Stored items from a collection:
----
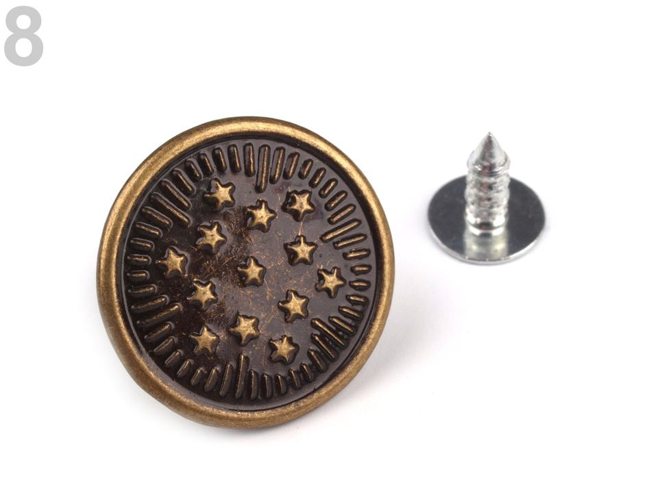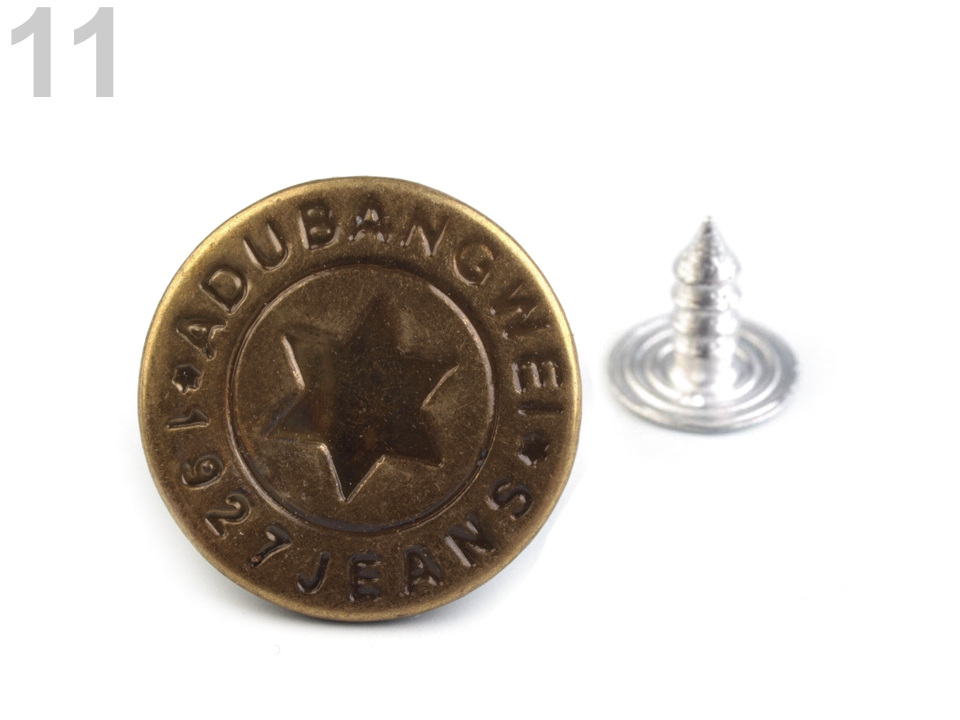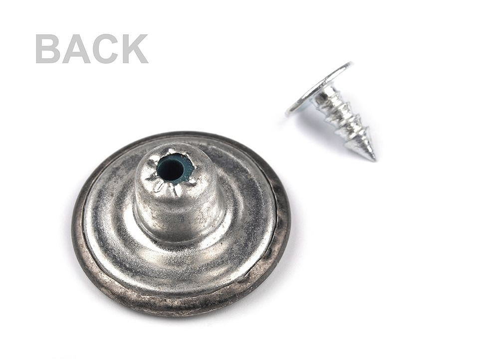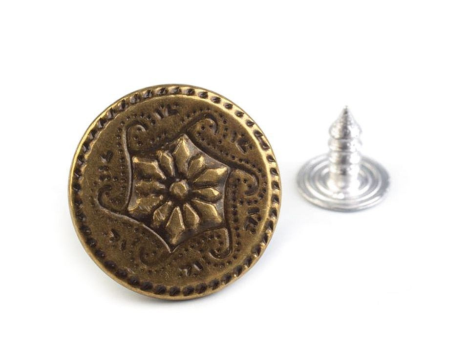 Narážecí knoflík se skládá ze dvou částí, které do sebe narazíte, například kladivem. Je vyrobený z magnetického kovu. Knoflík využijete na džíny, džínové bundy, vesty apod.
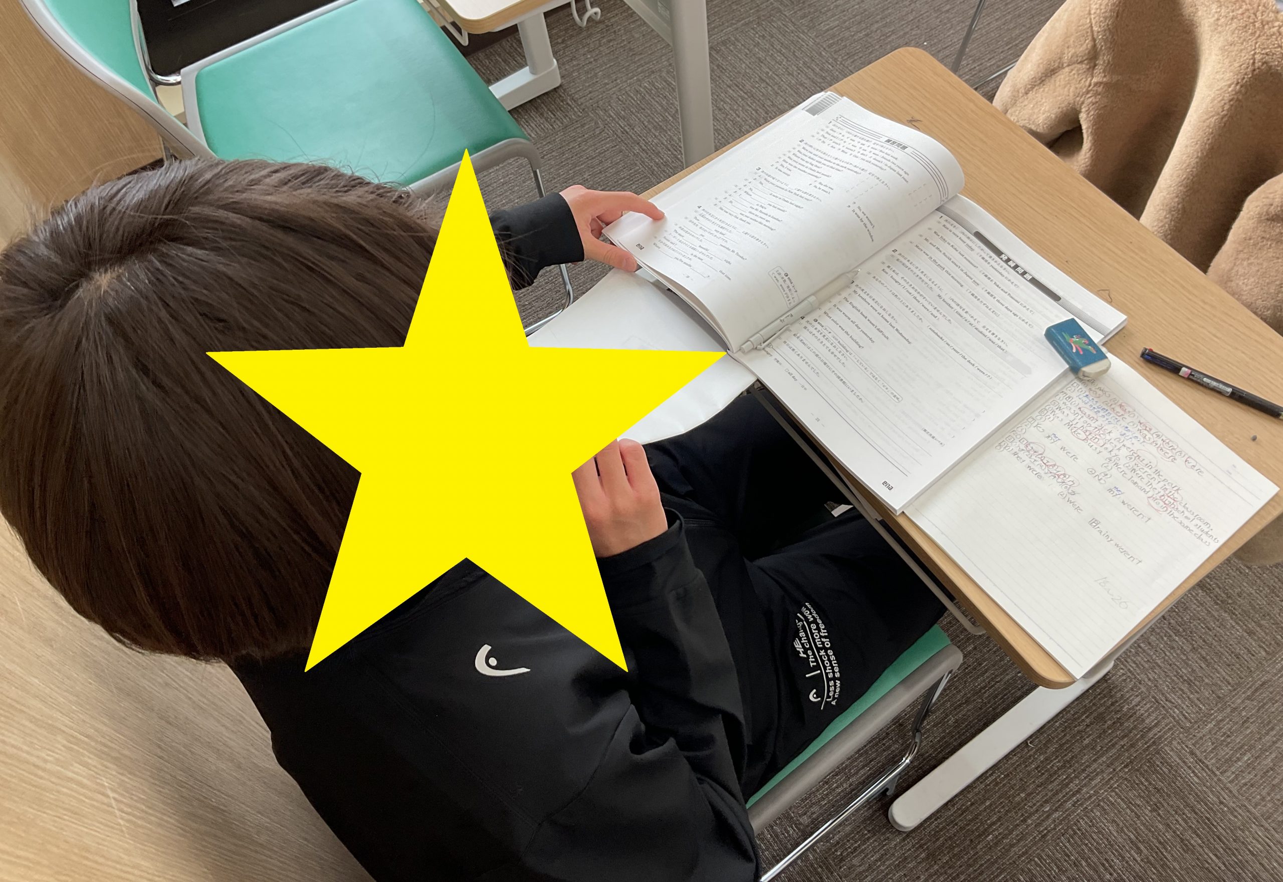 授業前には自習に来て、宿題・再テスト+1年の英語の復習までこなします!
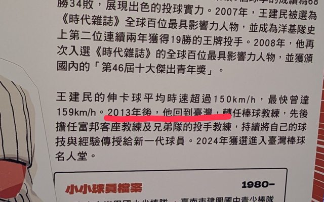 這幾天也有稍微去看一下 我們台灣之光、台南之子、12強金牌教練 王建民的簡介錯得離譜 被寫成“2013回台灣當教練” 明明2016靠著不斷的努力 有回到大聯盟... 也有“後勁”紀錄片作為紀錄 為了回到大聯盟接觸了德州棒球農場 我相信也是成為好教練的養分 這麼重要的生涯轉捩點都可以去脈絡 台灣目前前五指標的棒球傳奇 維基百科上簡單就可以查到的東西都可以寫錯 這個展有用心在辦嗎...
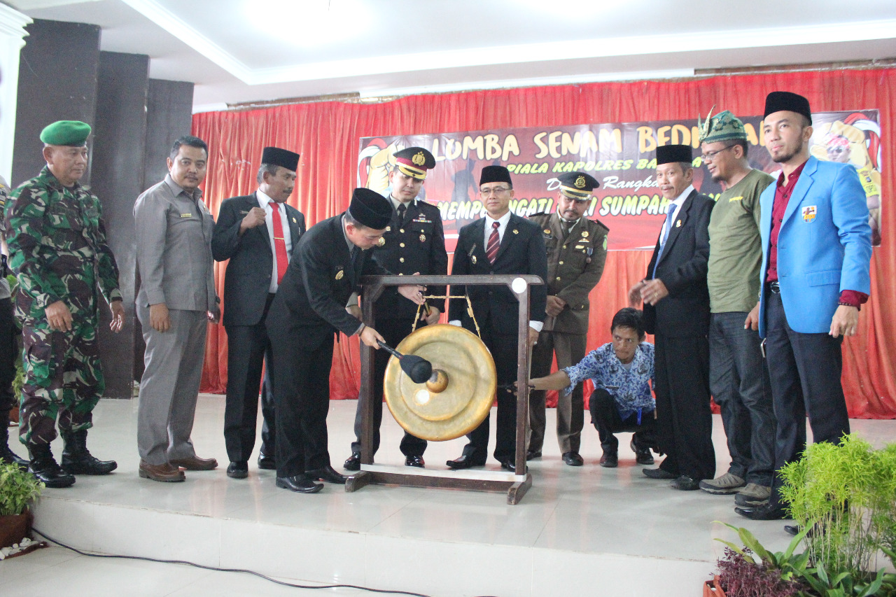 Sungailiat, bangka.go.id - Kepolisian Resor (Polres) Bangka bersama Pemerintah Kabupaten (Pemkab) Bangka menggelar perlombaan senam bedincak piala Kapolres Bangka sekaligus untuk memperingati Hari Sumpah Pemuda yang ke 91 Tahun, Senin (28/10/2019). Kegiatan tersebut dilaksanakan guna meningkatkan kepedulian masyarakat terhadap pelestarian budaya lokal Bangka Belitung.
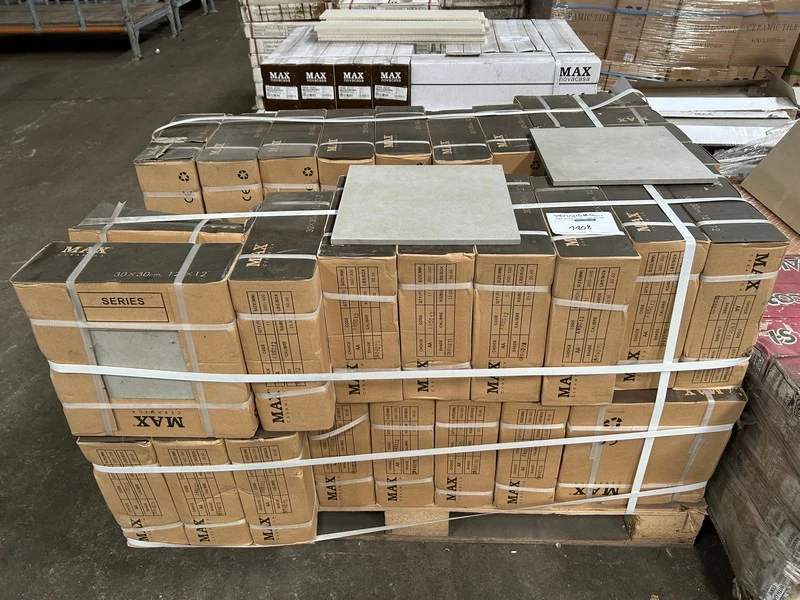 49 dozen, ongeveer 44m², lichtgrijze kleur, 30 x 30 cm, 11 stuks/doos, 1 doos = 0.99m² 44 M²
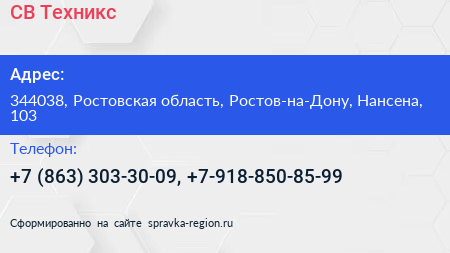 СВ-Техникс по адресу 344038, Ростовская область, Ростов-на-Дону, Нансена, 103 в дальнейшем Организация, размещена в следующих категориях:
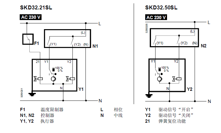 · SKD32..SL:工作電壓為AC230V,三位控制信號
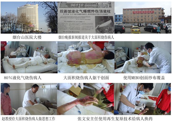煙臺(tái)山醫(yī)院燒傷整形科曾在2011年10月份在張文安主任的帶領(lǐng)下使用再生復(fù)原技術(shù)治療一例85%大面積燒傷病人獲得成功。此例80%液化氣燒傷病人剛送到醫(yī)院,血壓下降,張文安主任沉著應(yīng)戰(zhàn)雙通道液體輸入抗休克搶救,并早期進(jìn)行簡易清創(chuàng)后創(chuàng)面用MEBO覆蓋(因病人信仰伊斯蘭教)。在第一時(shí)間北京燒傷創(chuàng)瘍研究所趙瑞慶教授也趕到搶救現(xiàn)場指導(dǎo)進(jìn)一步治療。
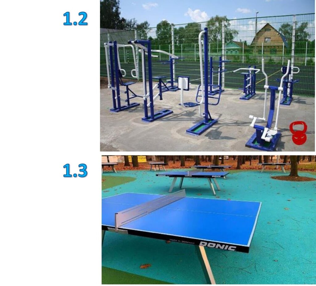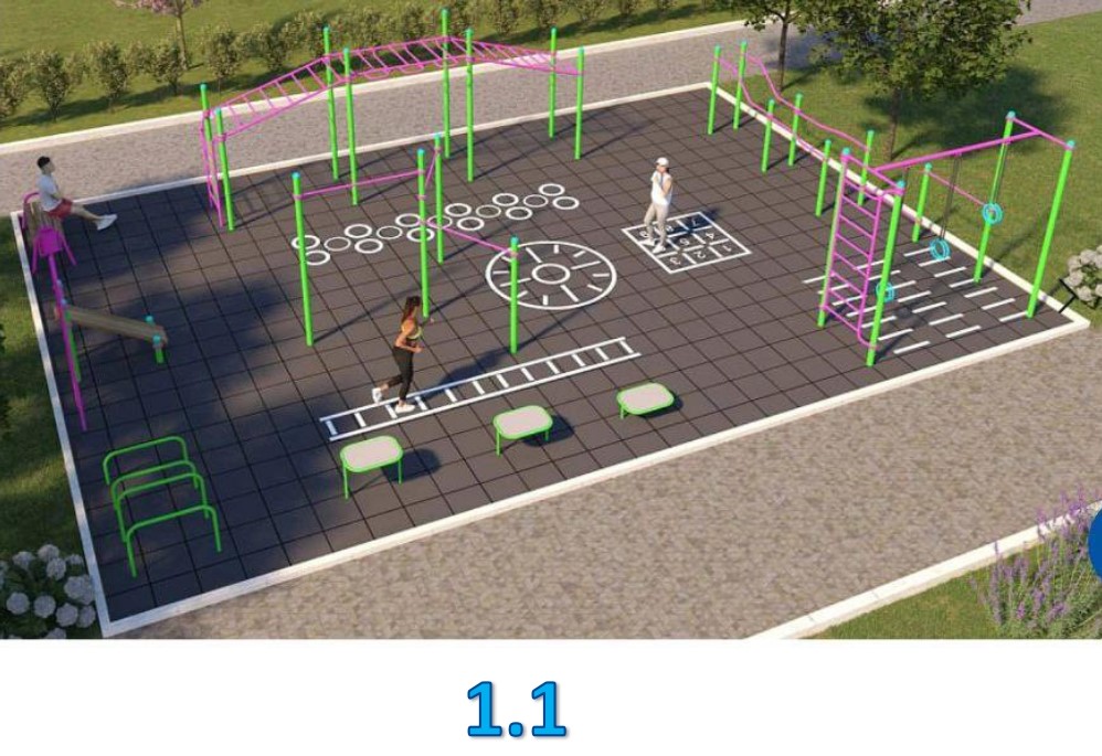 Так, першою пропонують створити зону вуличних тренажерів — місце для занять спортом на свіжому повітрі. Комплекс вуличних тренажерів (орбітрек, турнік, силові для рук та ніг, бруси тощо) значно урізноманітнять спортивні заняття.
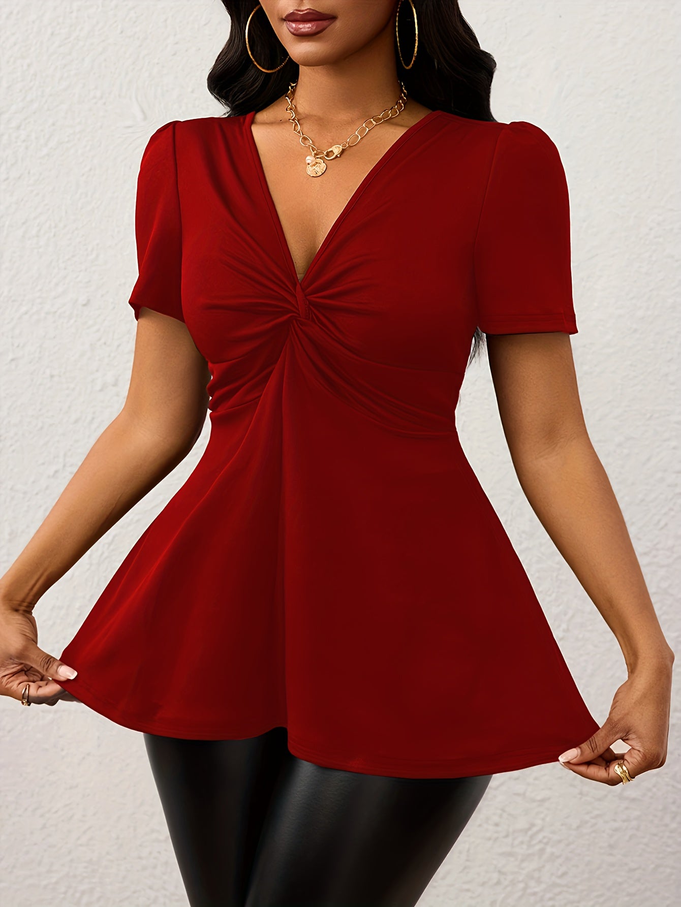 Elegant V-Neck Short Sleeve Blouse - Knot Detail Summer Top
----
__Requirement__
I'd like every record transcribed exactly, with no pictures carried over.

__Solution to the problem__
 Narážecí knoflík se skládá ze dvou částí, které do sebe narazíte, například kladivem. Je vyrobený z magnetického kovu. Knoflík využijete na džíny, džínové bundy, vesty apod.
 授業前には自習に来て、宿題・再テスト+1年の英語の復習までこなします!
 這幾天也有稍微去看一下 我們台灣之光、台南之子、12強金牌教練 王建民的簡介錯得離譜 被寫成“2013回台灣當教練” 明明2016靠著不斷的努力 有回到大聯盟... 也有“後勁”紀錄片作為紀錄 為了回到大聯盟接觸了德州棒球農場 我相信也是成為好教練的養分 這麼重要的生涯轉捩點都可以去脈絡 台灣目前前五指標的棒球傳奇 維基百科上簡單就可以查到的東西都可以寫錯 這個展有用心在辦嗎...
 Sungailiat, bangka.go.id - Kepolisian Resor (Polres) Bangka bersama Pemerintah Kabupaten (Pemkab) Bangka menggelar perlombaan senam bedincak piala Kapolres Bangka sekaligus untuk memperingati Hari Sumpah Pemuda yang ke 91 Tahun, Senin (28/10/2019). Kegiatan tersebut dilaksanakan guna meningkatkan kepedulian masyarakat terhadap pelestarian budaya lokal Bangka Belitung.
 49 dozen, ongeveer 44m², lichtgrijze kleur, 30 x 30 cm, 11 stuks/doos, 1 doos = 0.99m² 44 M²
 СВ-Техникс по адресу 344038, Ростовская область, Ростов-на-Дону, Нансена, 103 в дальнейшем Организация, размещена в следующих категориях:
 · SKD32..SL:工作電壓為AC230V,三位控制信號
煙臺(tái)山醫(yī)院燒傷整形科曾在2011年10月份在張文安主任的帶領(lǐng)下使用再生復(fù)原技術(shù)治療一例85%大面積燒傷病人獲得成功。此例80%液化氣燒傷病人剛送到醫(yī)院,血壓下降,張文安主任沉著應(yīng)戰(zhàn)雙通道液體輸入抗休克搶救,并早期進(jìn)行簡易清創(chuàng)后創(chuàng)面用MEBO覆蓋(因病人信仰伊斯蘭教)。在第一時(shí)間北京燒傷創(chuàng)瘍研究所趙瑞慶教授也趕到搶救現(xiàn)場指導(dǎo)進(jìn)一步治療。
 Так, першою пропонують створити зону вуличних тренажерів — місце для занять спортом на свіжому повітрі. Комплекс вуличних тренажерів (орбітрек, турнік, силові для рук та ніг, бруси тощо) значно урізноманітнять спортивні заняття.
 Elegant V-Neck Short Sleeve Blouse - Knot Detail Summer Top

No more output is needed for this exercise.